First of, this is the design I've set up, by mainly reading the wikipedia article and briefly skimming-through a couple of similar questions here. I say briefly because I wanted to implement this on my own.

there is an array of threads
there is a FIFO queue of tasks (a Task should be a wrapper for a Callable object).
when a client creates a task he enqueu()s it into the task queue
all threads are started up front in the pool and they never quit running; if there's no task in the queue they wait
each incoming task notifies() a single thread to handle it
if a Task returns a result the client can send a query for its value later
the thread pool has a switch On/Off flag
Thread synchronization: a condition_variable (m_cond) along with a mutex variable (m_mu) perform thread synchronization
- m_mu is used to synchronize access to shared data (the containers mostly)
- m_cond notifies threads upon task arrival and puts them to sleep when there are no tasks

The key implementation question I asked myself is "how can one create a container of callable objects"? In general a container of generic objects, in order to accomodate functions of any signature. std::any came up to my mind, but I thought it would possibly too much, making the entire class a template. So i questioned whether I can circumvent this somehow.

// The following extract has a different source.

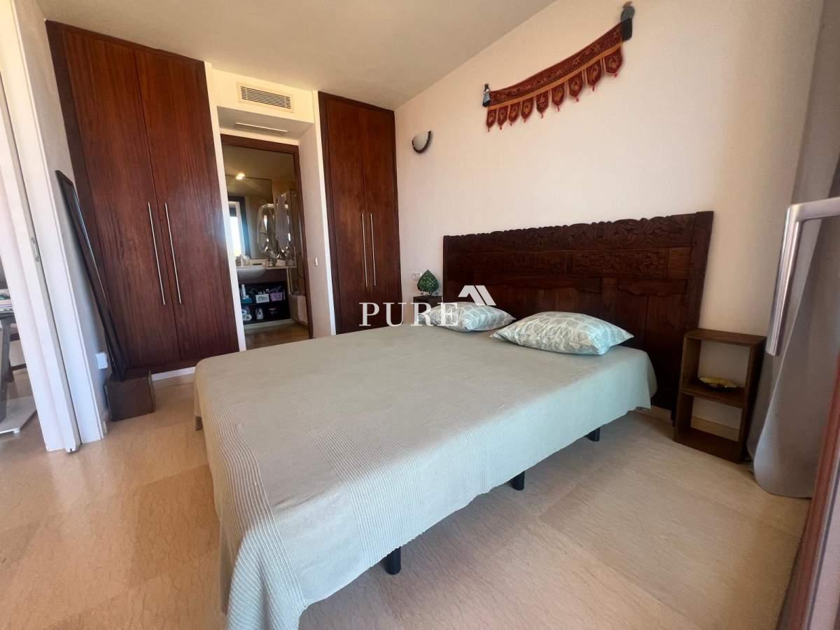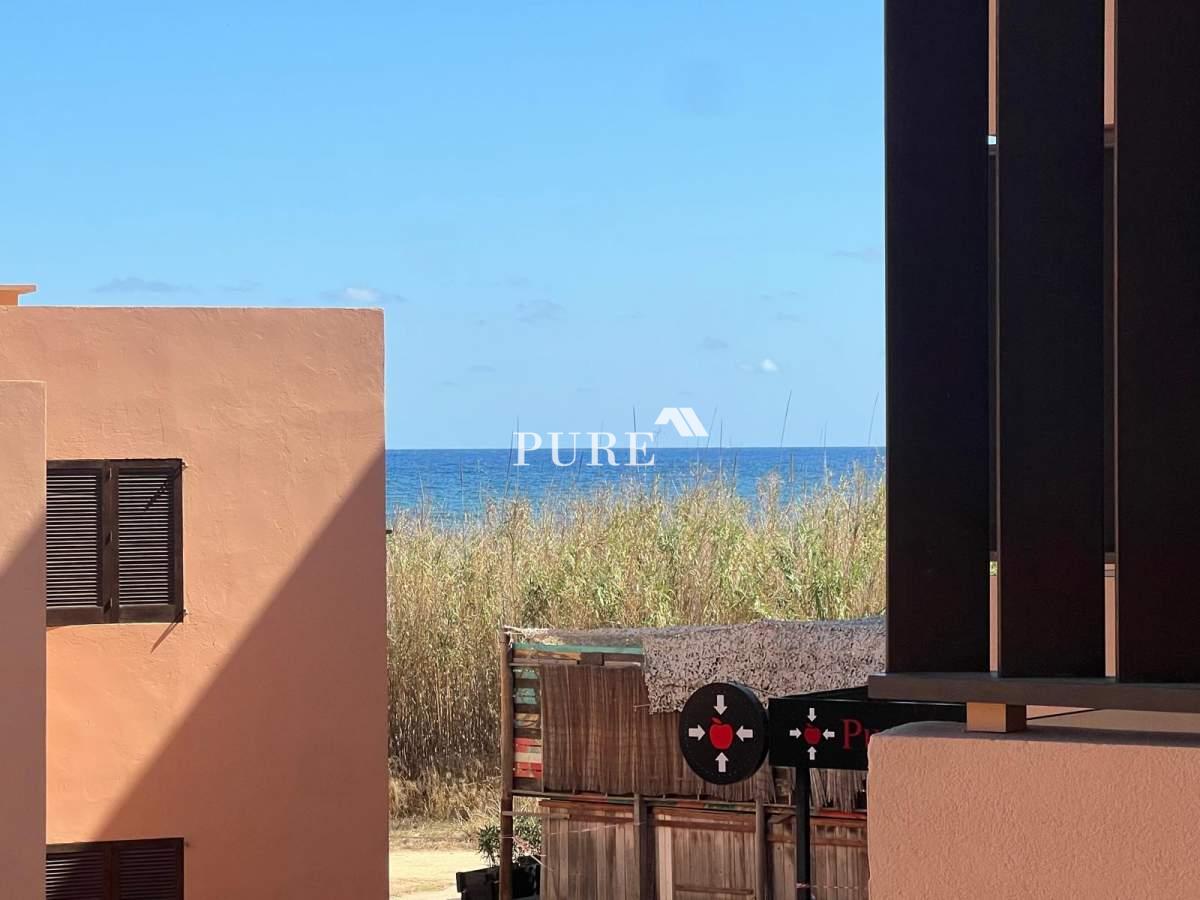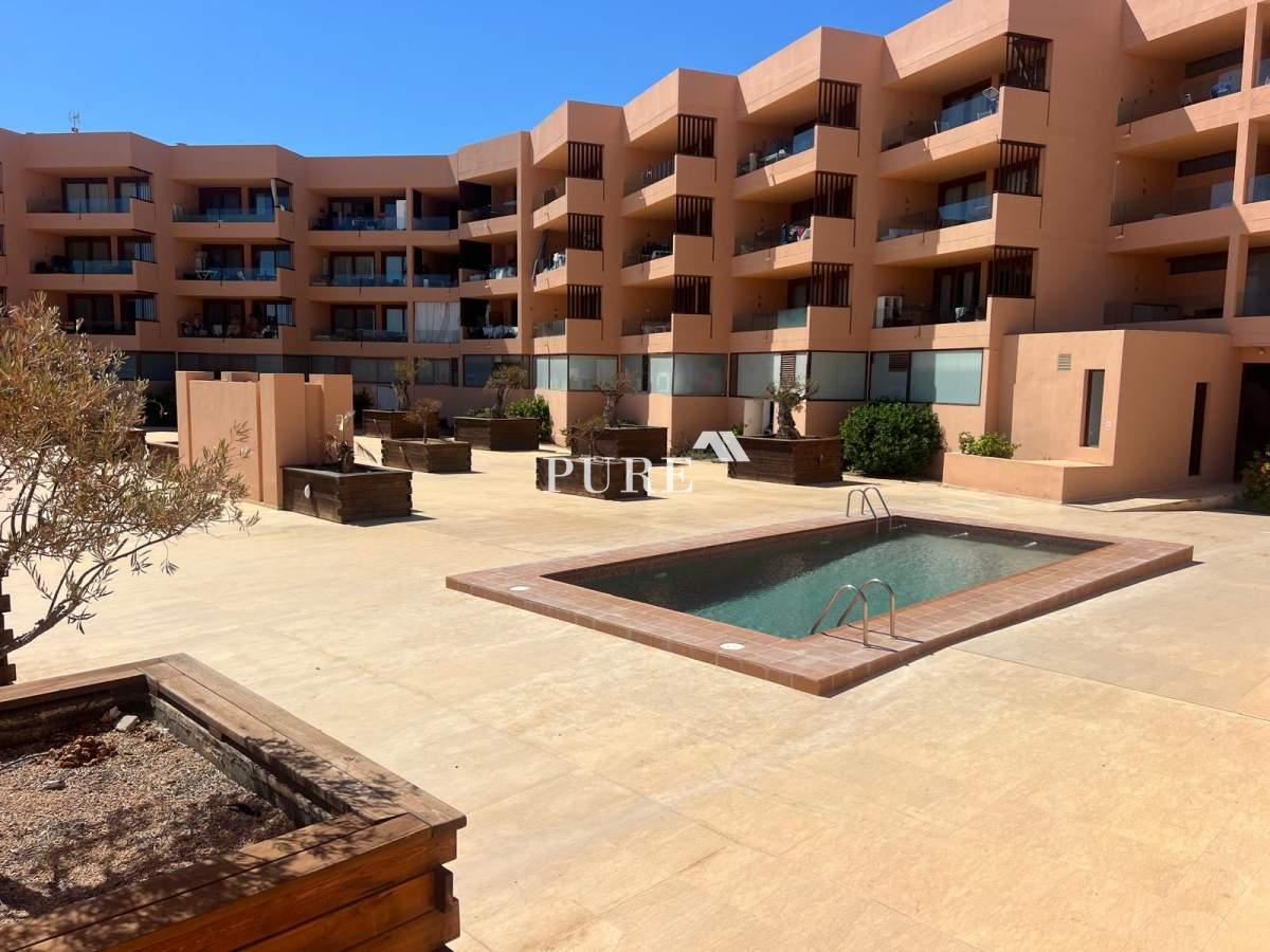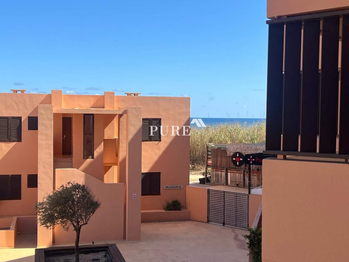 The apartment is part of a large terracotta-coloured residential complex situated directly in front of the beach. Residents can enjoy the communal swimming pool and easy access to Playa d’en Bossa’s finest area, surrounded by dunes and some of Ibiza’s most renowned restaurants such as Zazú and Playa Soleil. Despite its prime location, the setting remains quiet and relaxed, offering the perfect balance between tranquillity and proximity to lively hotspots.

And I thought of a bare wrapper std::function<void()> could possibly work, as the type of the task queue, as almost all c++ callables can be converted to an std::function<T>. But this would be only an indirection, inside this std::function I would need to pass up the arguments up front (however many the client supplies).

Then I thought that I also want to provide return values to the client. The only way to do this in C++ in an generic way I know of is a future. And then I realized I need another level of indirection, a std::packaged_task which will wrap the std::function which will wrap the call to our target (member) function. And I must also make sure the packaged_task lives long enough for it to return the value, ie dynamic allocation through a unique_ptr or shared_ptr would be suitable. I decided on a shared_ptr as unique_ptr was unfortunately not enough.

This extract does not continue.